If you are a frequent researcher of courthouses or digitized court records you might have seen some oops! What I mean by oops, are records in a ledger designated for a specific topic but has a page or pages that has nothing to do with the book’s title.
For instance, this past week I am looking for any document that puts a Simon Bailey McElroy in Paulding County. The goal is to prove he is the son of a John McElroy. I was researching on FamilySearch.org and looking at marriage books. Often, the roll will have more than one digitized microfilm book on the roll. So I set it to grid view and then shrink it all the way down so I can see if other books show up. As I started to do this, I saw several pages that stood out as ‘different.’
When you do enough research, you see patterns inside these old ledgers and when something looks off, it catches your attention. When I zoomed in, I saw numerous pages that do not contain marriage information but County Treasury reports. Since I live within a 20-minute drive of the courthouse and because I can scan a real book quicker than I can the online microfilm, I drove to the courthouse. About 20 pages of Paulding County Marriage Book 1 contain lists of money coming into the county and money going out in 1840. While I did not find my Simon Bailey McElroy, I find it interesting that this type of error occurred and it leaves me baffled as to how it could have happened unless their treasurer ledger was missing and this was the easiest book to grab.

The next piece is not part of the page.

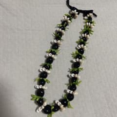 【新品未使用】ハワイアン レイ 造花 パープル&グリーン 南国 装飾 発表会

This was not the first time I have seen this. Though rare, it has occurred and is one reason I often open a FamilySearch.org roll and do the same to see if there are any anomalies that might reveal the information I want in a place that is not indexed and where you would not expect to find it. Had this error been in the book’s latter half, I might not have seen it. I don’t spend a lot of time looking for these occurrences but they are fun to look at and I think some should be indexed and annotated in published index books.